#### WORK ORDER
Beginning at the line that contains "The news came", reproduce the entries below exactly, ending with the line that contains "돋보이는 반팔 티셔츠입니다.". Omit each picture.

#### DATA RECORDS
******

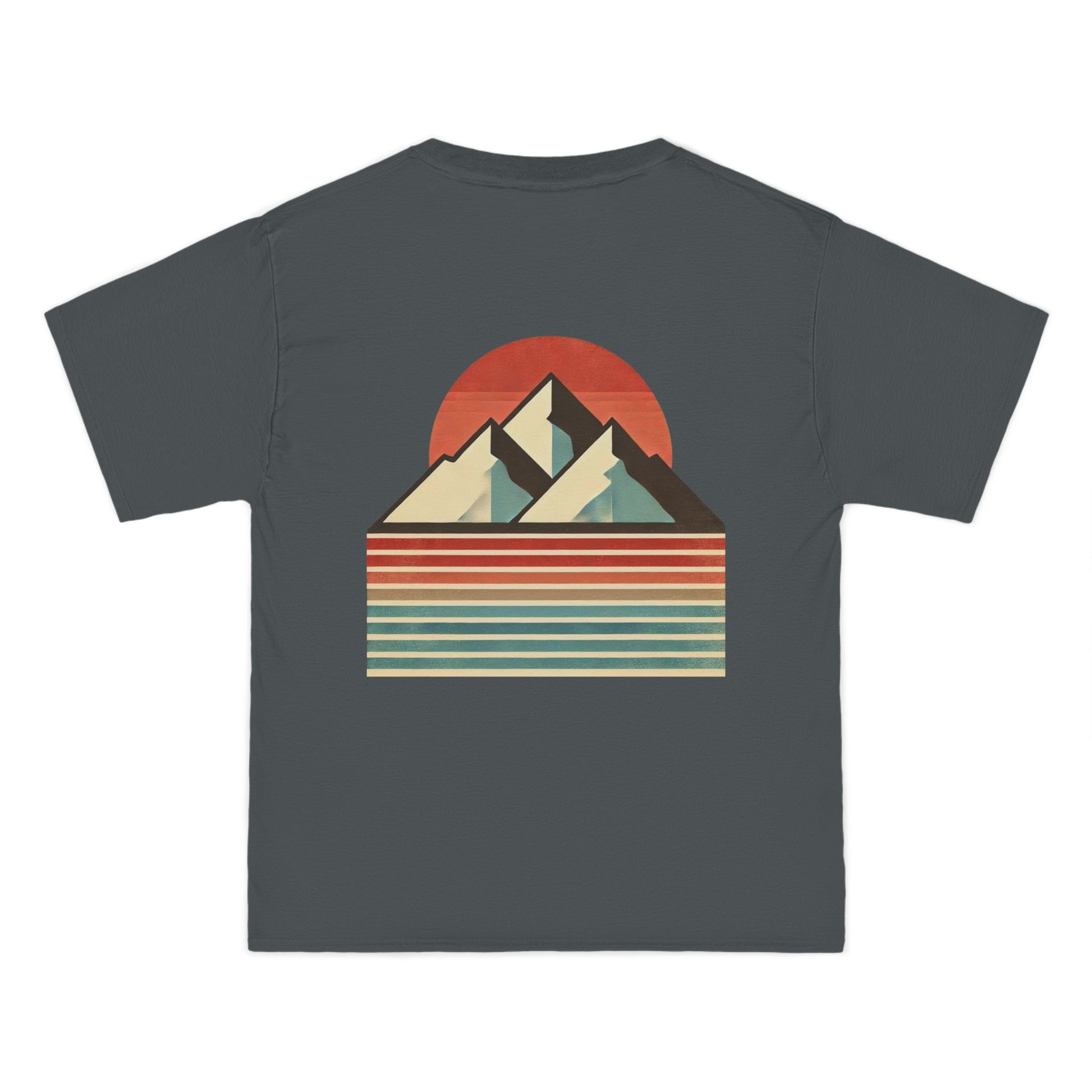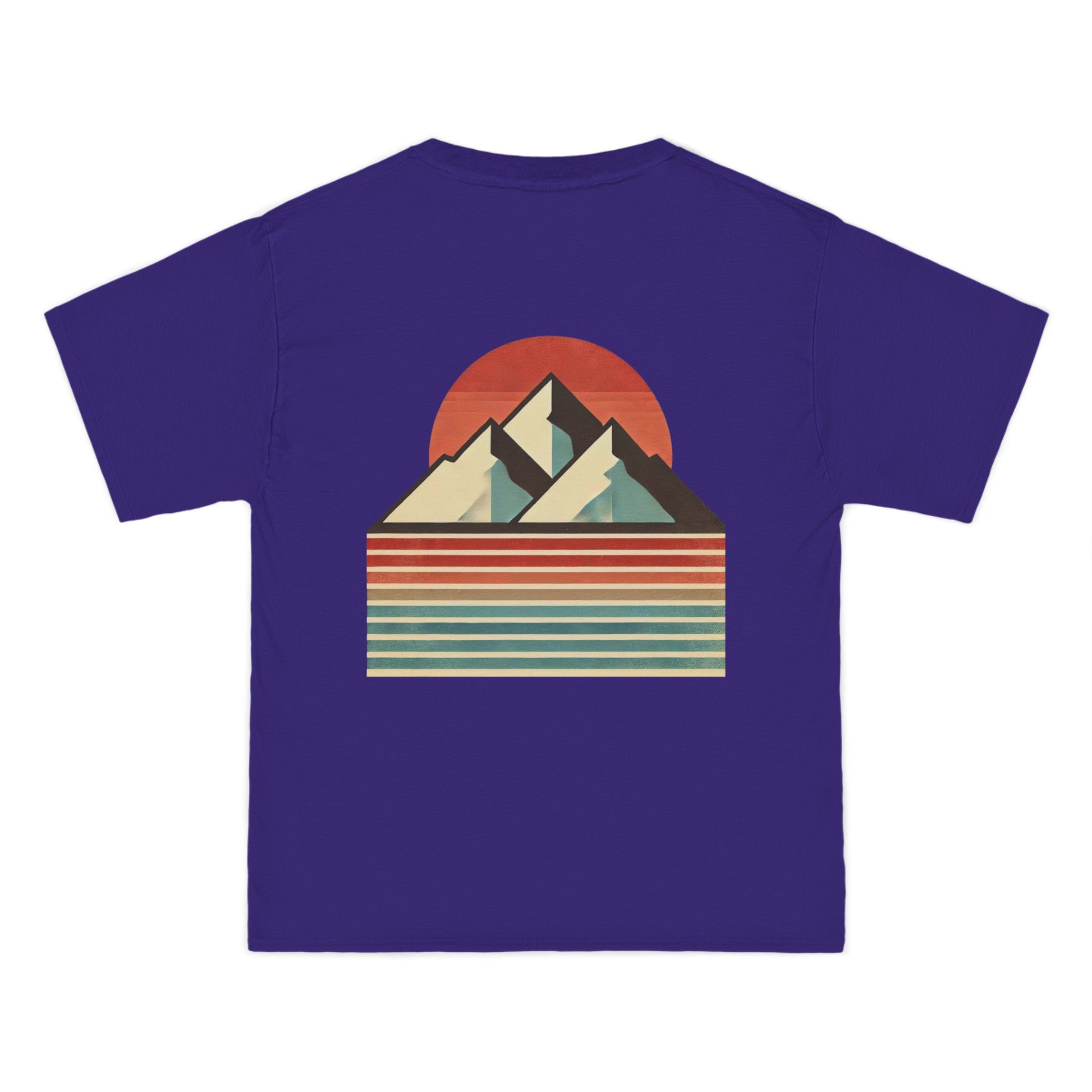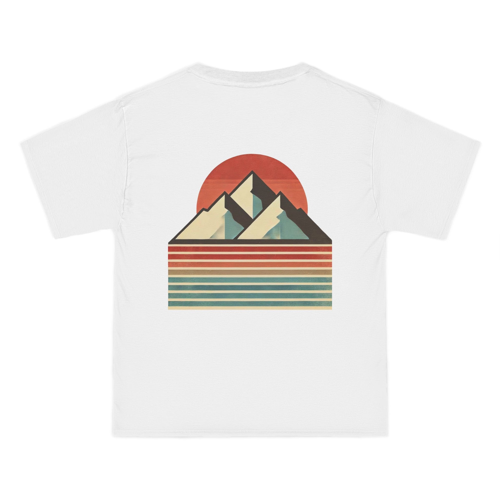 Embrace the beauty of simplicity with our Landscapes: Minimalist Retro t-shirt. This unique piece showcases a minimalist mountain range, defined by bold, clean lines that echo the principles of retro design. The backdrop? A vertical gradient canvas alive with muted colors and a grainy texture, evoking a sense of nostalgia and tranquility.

******

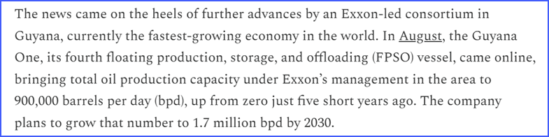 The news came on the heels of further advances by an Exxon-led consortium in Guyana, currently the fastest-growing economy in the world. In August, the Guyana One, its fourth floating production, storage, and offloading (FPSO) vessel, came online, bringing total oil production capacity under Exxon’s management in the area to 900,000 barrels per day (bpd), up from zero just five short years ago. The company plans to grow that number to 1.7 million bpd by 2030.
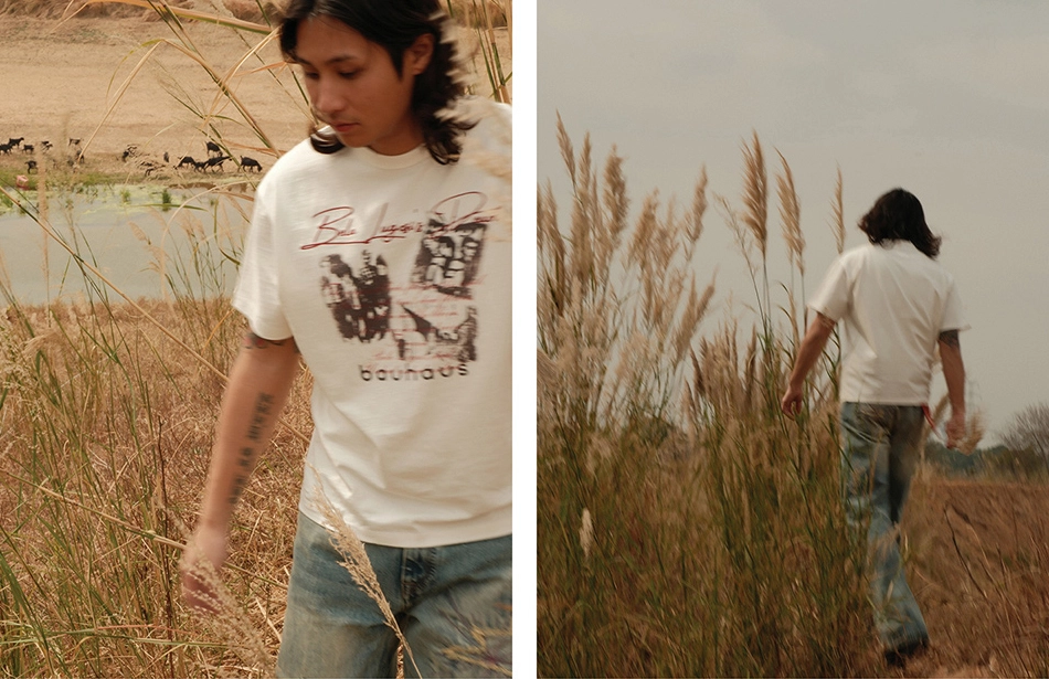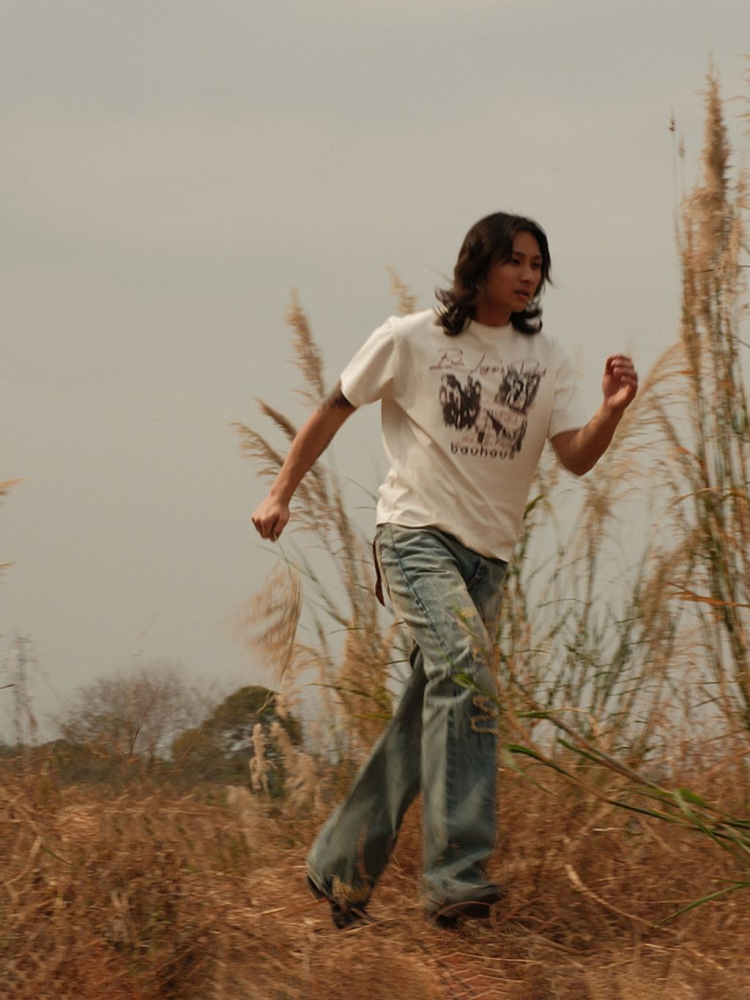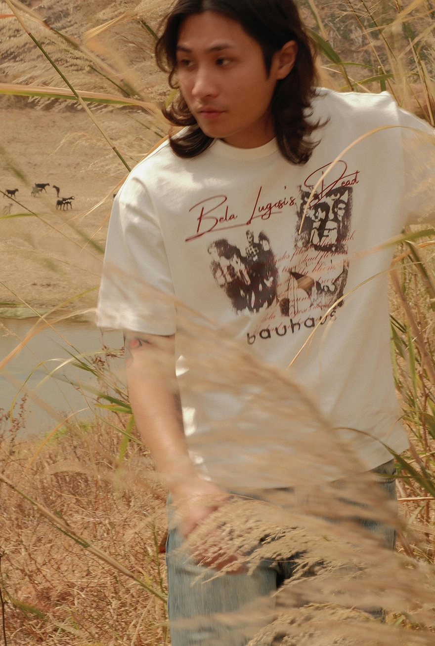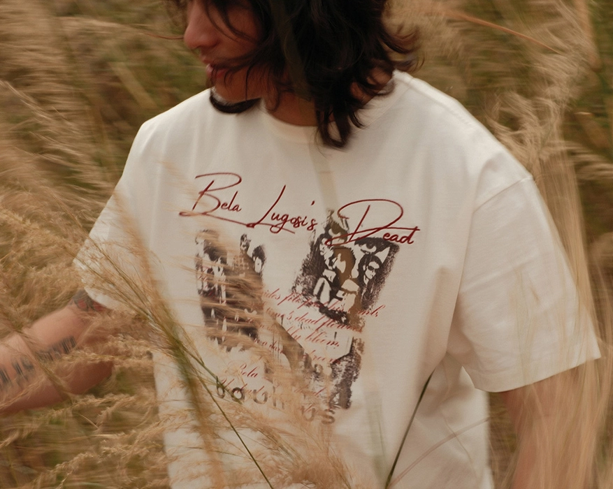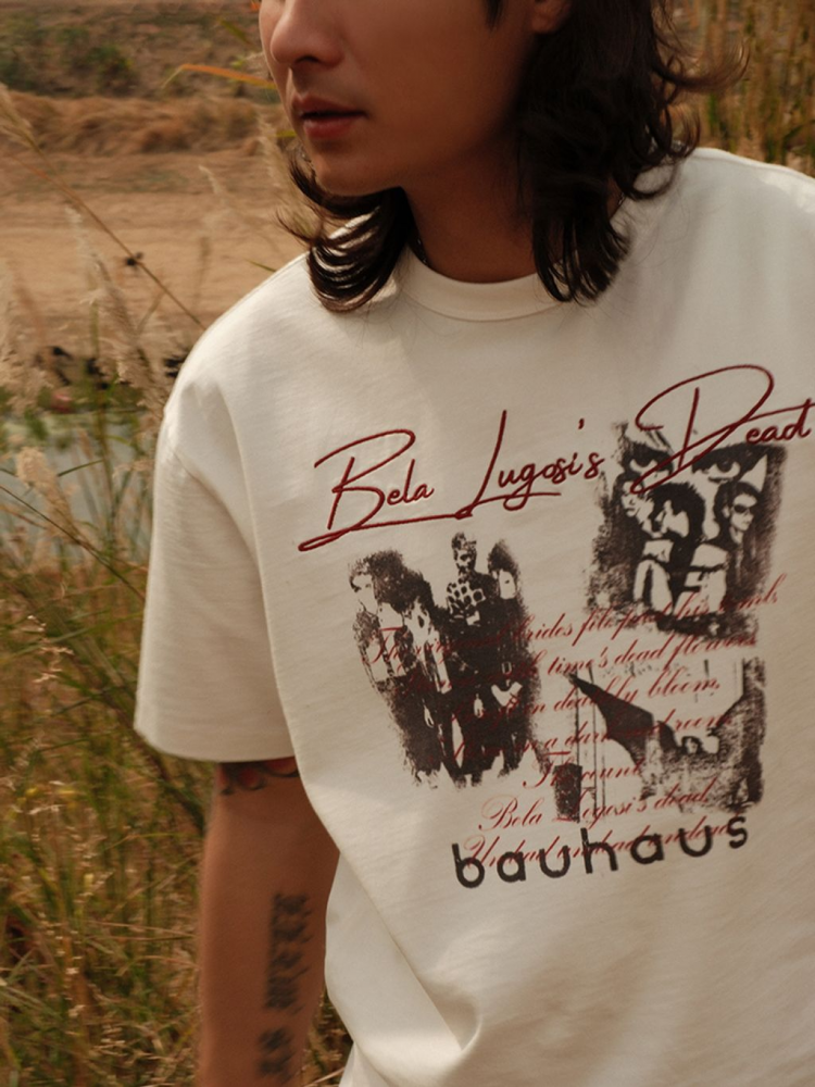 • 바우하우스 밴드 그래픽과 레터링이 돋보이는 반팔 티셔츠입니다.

******

#### FINAL ANSWER
 The news came on the heels of further advances by an Exxon-led consortium in Guyana, currently the fastest-growing economy in the world. In August, the Guyana One, its fourth floating production, storage, and offloading (FPSO) vessel, came online, bringing total oil production capacity under Exxon’s management in the area to 900,000 barrels per day (bpd), up from zero just five short years ago. The company plans to grow that number to 1.7 million bpd by 2030.
 • 바우하우스 밴드 그래픽과 레터링이 돋보이는 반팔 티셔츠입니다.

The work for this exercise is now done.